Due to injuries and mismatched personnel, the 49ers’ linebacking corps has been about as stable of a position as drummer for Spinal Tap. Following the trade of Eli Harold, Mark Nzeocha started the season at Sam linebacker, and he gave way to Malcolm Smith, but neither is a fit for the position. The Mike and Will linebackers are the strength of the group, but rookie Fred Warner and Reuben Foster, in his second year, have had their own issues. Missed tackles have really plagued Foster (possibly due to a lingering shoulder issue), and Warner at times this year. The linebackers have also had their issues in coverage, particularly against running backs in the flat. Grade: C-

Defensive Backs:

Richard Sherman as played above expectations this season even as the other players in the secondary change more frequently than Red Hot Chili Peppers changes guitarists. Due to injury and poor play the 49ers have cycled through multiple players at right cornerback (opposite Sherman) and both the free- and strong-safety positions, which could be the leading cause of the continuous communication breakdowns that have plagued this unit all season. In spite of the personnel shuffling and lack of pass rush, the 49ers rank 15th in pass yards allowed per game. The 49ers defensive backs have been really hurt by their inability to force turnovers, particularly via interception (I am currently tied for second on the team with zero interceptions). The secondary has been particularly poor in end of game situations and likely cost the team wins against Green Bay and the New York Giants.
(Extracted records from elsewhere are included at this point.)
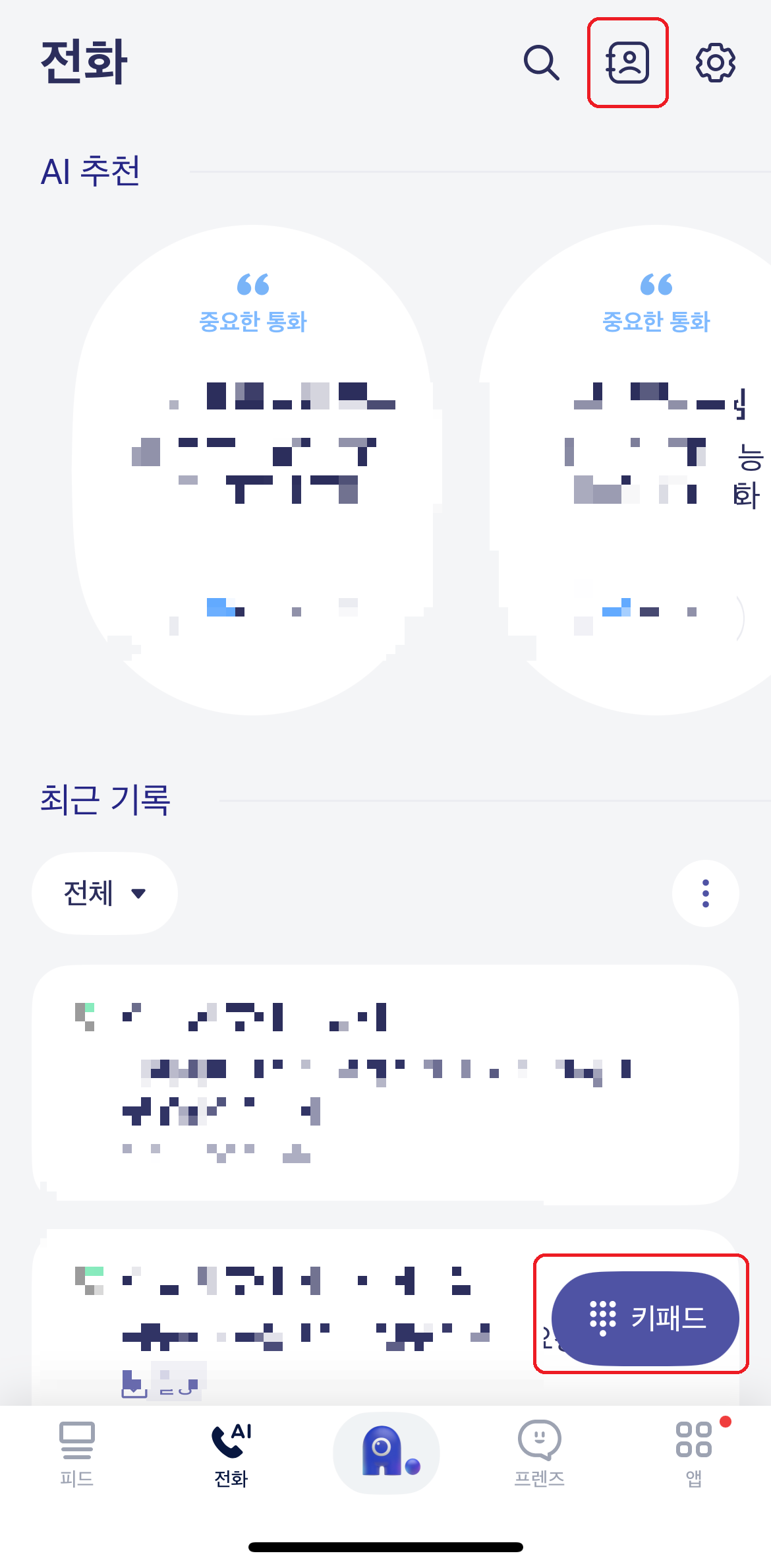 아랫쪽 두번째 AI전화라고 보이시죠?
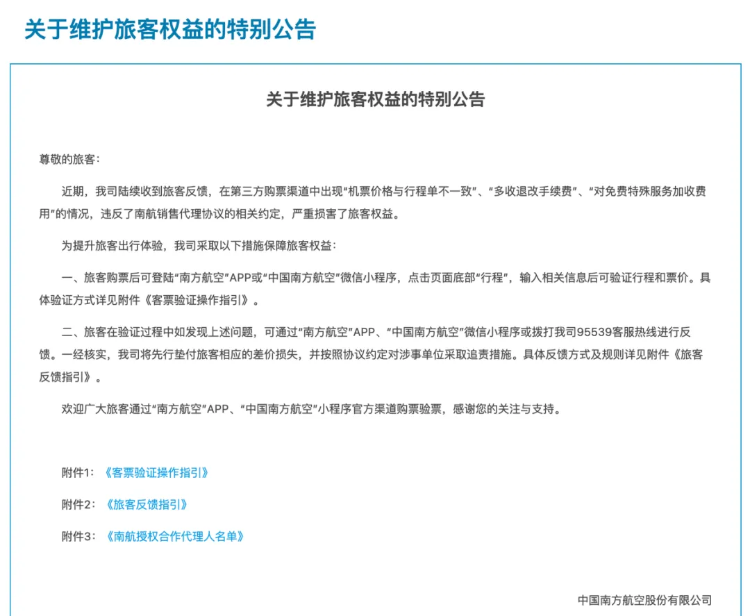去年三月,三大航就集体发了维护旅客权益的公告。南航的公告里直接提到,第三方购票渠道“机票价格与行程单不一致”、“多收退改手续费”、“对免费特殊服务加收费用”等情况,违反了南航销售代理协议的相关约定,严重损害了旅客权益。
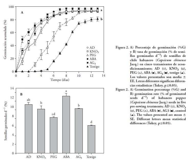 El %G promedio de las semillas acondicionadas fue estadísticamente superior al del testigo (81) (Figura 2A). La TG (como % de semillas germinadas d-1), de las semillas acondicionadas con ABA (13.22), AD (11.23), AG3 (10.29), KNO3 (10.20) y PEG (8.20) fue mayor que la del testigo (6.38) (Figura 2B).
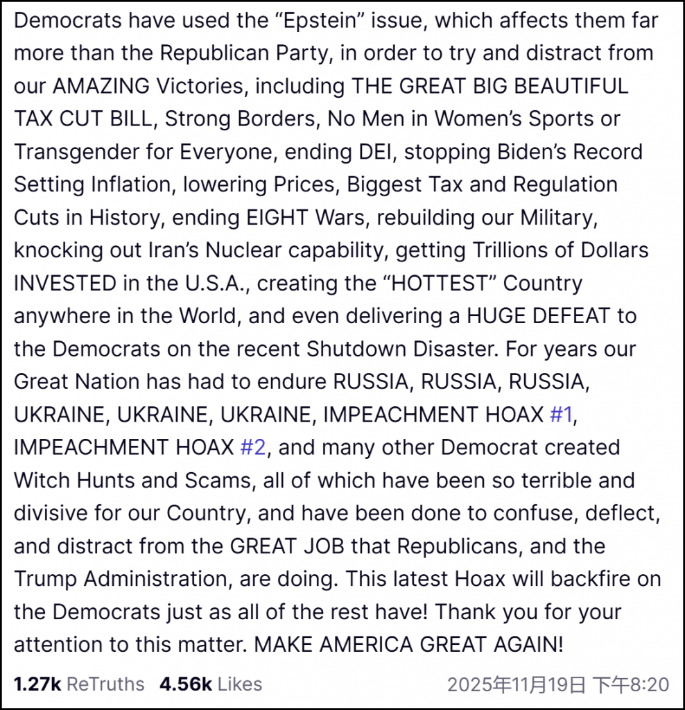 民主党人一直在利用“爱泼斯坦”这个议题——这个议题对他们的伤害远远大于对共和党的伤害——试图转移人们对我们这些惊人成就的注意力,包括那部伟大又巨大又美妙的减税法案、强有力的边境管控、不再允许男性参加女子体育项目、也不搞“人人都是跨性别”的那一套、终结“多元、公平与包容”(DEI)、阻止拜登创纪录的通胀、压低物价、实施美国历史上最大规模的减税与减规管、结束8场战争、重建我们的军队、摧毁伊朗的核能力、让数万亿美元投资流向美国、把美国打造成世界上“最火热”的国家,甚至在最近那场政府关门危机中给民主党送上一场巨大失败。

Grade: D-

Coaching:

Kyle Shanahan specifically mentioned looking at player progression from the first two games to the last two as he evaluates who will be part of the team moving forward. Player progression falls just as much on the coaches as it does the players, so Shanahan’s microscope these final six games will be trained on the coaching staff, specifically the position coaches. As previously mentioned, the uneven roster makeup along the defensive line is part of the unit’s shortcomings, it still doesn’t excuse the fact that Solomon Thomas is not being used on the inside, especially in passing situations; that falls on the coaches. In the secondary, the cornerbacks are not turning their heads to find the ball in the air and it appears to be the technique they are being taught and that technique has led to some costly penalties and some opportunities for interceptions missed. Grade: D-

Final Thoughts:

Many have speculated that defensive coordinator Robert Saleh could be on the hotseat, but it is likely defensive backs coach Jeff Hafley who could have the hottest seat of any of the coaches. A well-coached team generally performs well following a bye week, so it will be worth keeping an eye on what adjustments the coaching staff makes going forward after having a chance to self-scout. Also, how does the defense play with a healthy Foster for perhaps the first time several weeks?